Free Will in the Age of AI

Crime and Punishment for Both Humans and AI

Oct 05, 2025

In 1848, there was a foreman for a railroad construction crew working in Vermont named Phineas Gage. He was described as well-balanced, responsible, and a smart businessman. One afternoon he suffered a horrific accident. An explosion sent a three-foot-long iron rod through his skull, destroying a large part of his brain’s frontal lobe. Miraculously, Gage survived, but the man everyone knew seemed to be gone. He could no longer control his actions and was often regarded as rude. This situation raises interesting philosophical questions about free will and identity.

This line of inquiry is especially relevant today when thinking about how we might handle AI in the future, given the ambiguity of where responsibility lies when a “black box” AI makes a poor choice. Doing so gives us tools to explore when we might punish machines themselves for their actions, rather than their creators. Instead of starting with the difficult free will questions it’s important to first explore whether it makes sense to punish a person or machine for their actions regardless of what we think of free will.

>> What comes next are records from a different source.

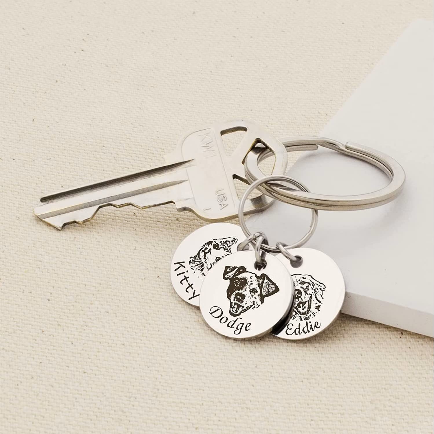 - Custom Pet Photo Portrait Keychain - This Keychain makes the perfect gift for that pet lover in your life! Personalized your Keychain with a portrait of your pet’s face with their name underneath. The Delicate yet stunning design makes it perfect for everyday wear.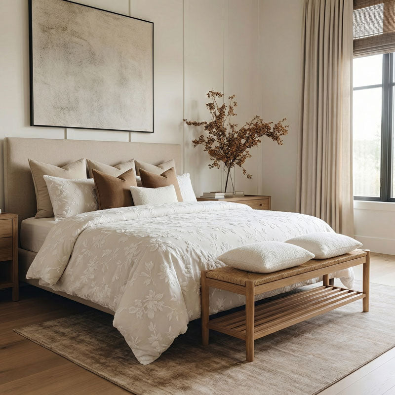 Edredón decorativo en tono beige, con un diseño floral discreto y elegante.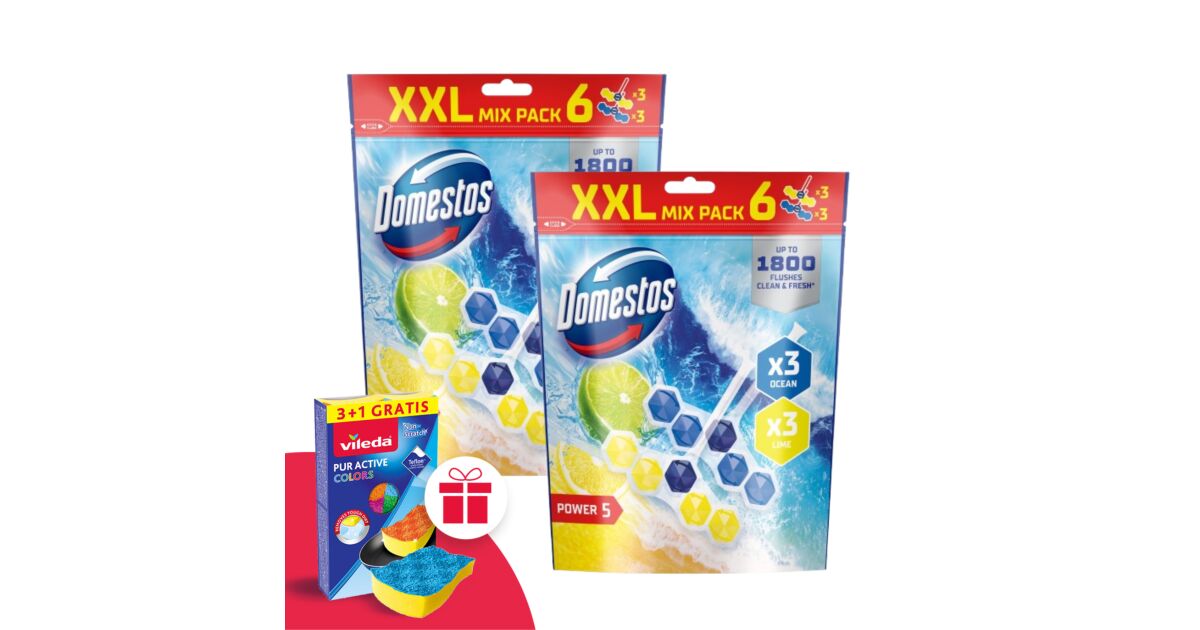 Domestos Power5 Kostka odświeżająca do toalet Lime & Ocean (12x50g) + Gąbka Vileda w prezencie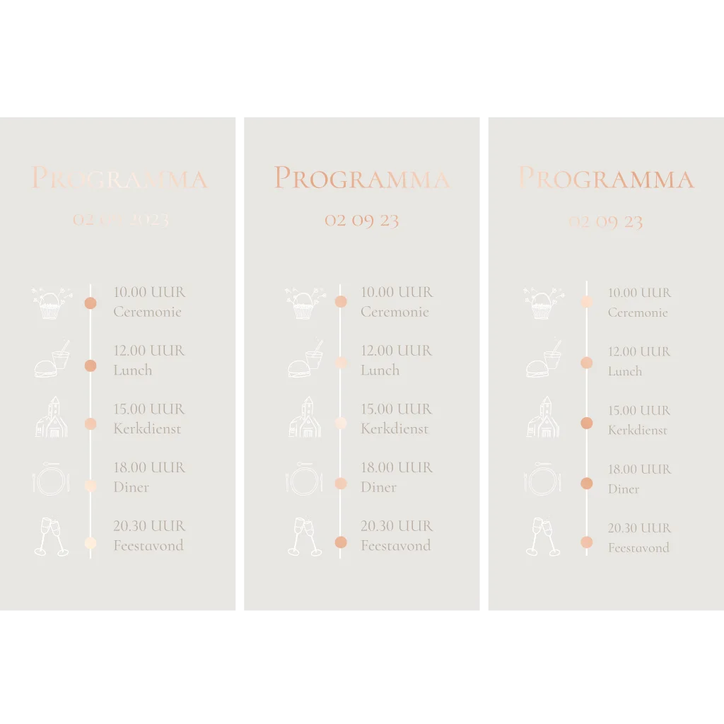 Drie dagplanningen in de kleur lichtgrijs/zand met folie. Pas deze naar wens aan in de online editor.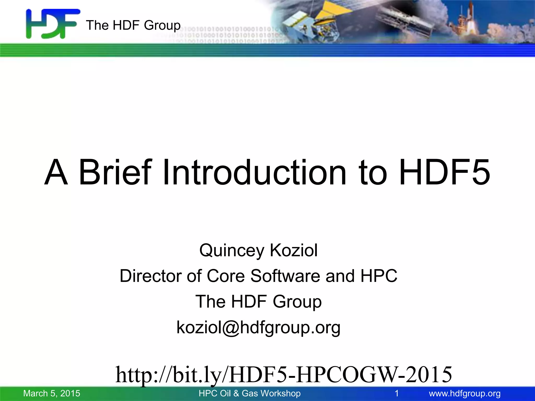 This document introduces HDF5, a hierarchical data format that is designed for high-volume and complex data management, providing tools for efficient data sharing and long-term preservation. It outlines the architecture, functionalities, and benefits of HDF5, including recent applications in the oil and gas industry and planned features for version 1.10. Additionally, it discusses support services provided by The HDF Group, showcasing its commitment to improving data handling capabilities across various platforms.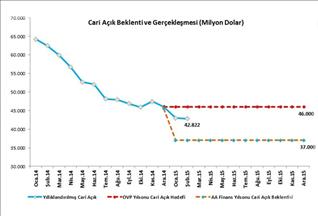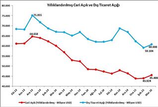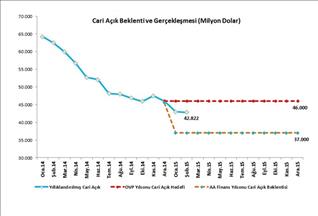 "Geçen yıl ilk 7 ayda 26,9 milyar dolar olan cari işlemler açığı bu yılın ilk 7 ayında 25,4 milyar dolara geriledi. Cari açığımız geçen yılın aynı dönemine göre 1,5 milyar dolar azaldı. Bu, ülke ekonomimiz için oldukça olumlu bir gelişme. Cari açıktaki bu olumlu gelişmenin altında büyük ölçüde ilk 7 ayda görülen dış ticaret açığındaki düşüş yatıyor. 2014 yılının ilk 7 ayında 34 milyar 183 milyon dolar açık veren dış ticaret dengesi bu yılın aynı döneminde 30 milyar 754 milyon dolar açık verdi."

Justifications for Punishment

The important distinction to make is between punishing holding someone legally responsible and holding someone morally responsible. Instead of focusing on Gage, let’s use a thought experiment to make the point more potent.

Imagine a person who has never wronged anyone and believes in the utmost ethical good. One day, this person is struck in the head. The injury damages the part of their brain that is responsible for impulse control. Later, this once-kind person gets angry while driving and runs someone off the road, killing them. You might say that what happened isn’t their fault and they should not be held existentially responsible; however, it still makes sense to put them in prison.

Exploring this more closely involves looking at the different ways the legal system justifies punishment. One way is to claim a person is morally responsible for what they did and that punishment itself is justice; this is retribution. This is not the only reason to punish someone, as there are at least three others:

Deterrence: Making an act illegal deters people from committing the crime.
Public Safety: The idea that imprisoning someone prevents them from endangering the public.
Rehabilitation: The idea that forced punishment can be part of the path toward making a person no longer want to commit crimes.

Using these three justifications, we can shelve the idea of free will and moral responsibility and still find logical reasons for punishment regardless of free will.

AI, Punishment, and Free Will

We can imagine a future where these three ideas are applied to machines in the same way they are to humans. This concept is already implemented in subtle ways in the development of AI. You can essentially punish an AI already, and we constantly do so by altering the optimization function. An LLM could be thought of as getting “punished” when it produces a wrong output or hallucinates something nonsensical. This is because the company building the AI has incentives to prevent that from happening, so in the next training, the AI will not be rewarded for responses like that.

This acts as deterrence because fewer people will use an LLM that is frequently wrong. It serves public safety by preventing flawed AI from being widely released. And it is a form of rehabilitation because the data is used to build better AI in the future.

This could be developed further and formalized within our existing legal system. The common factor between these three reasons for punishment is that the goal is to change the outcome not punishment for the sake of it. This also helps answer our question about when to punish the creator or the machine. It all depends on which would be most effective at serving the goals of Deterrence and Public safety as well as who needs to be rehabilitated.

Now we need to talk about punishment as retribution. For retribution to be possible, it seems we must be dealing with a conscious being. First, if it is not conscious, how could it be “punished,” which inherently involves a kind of negative experience? So before ever thinking of retribution for AI we would need to be convinced its conscious. Secondly, when we punish someone for retribution, we are claiming they have moral responsibility for their actions, which implies they have free will, and free will is typically thought of as a conscious choice. To explore this further requires an understanding of free will, for which there are typically three main interpretations.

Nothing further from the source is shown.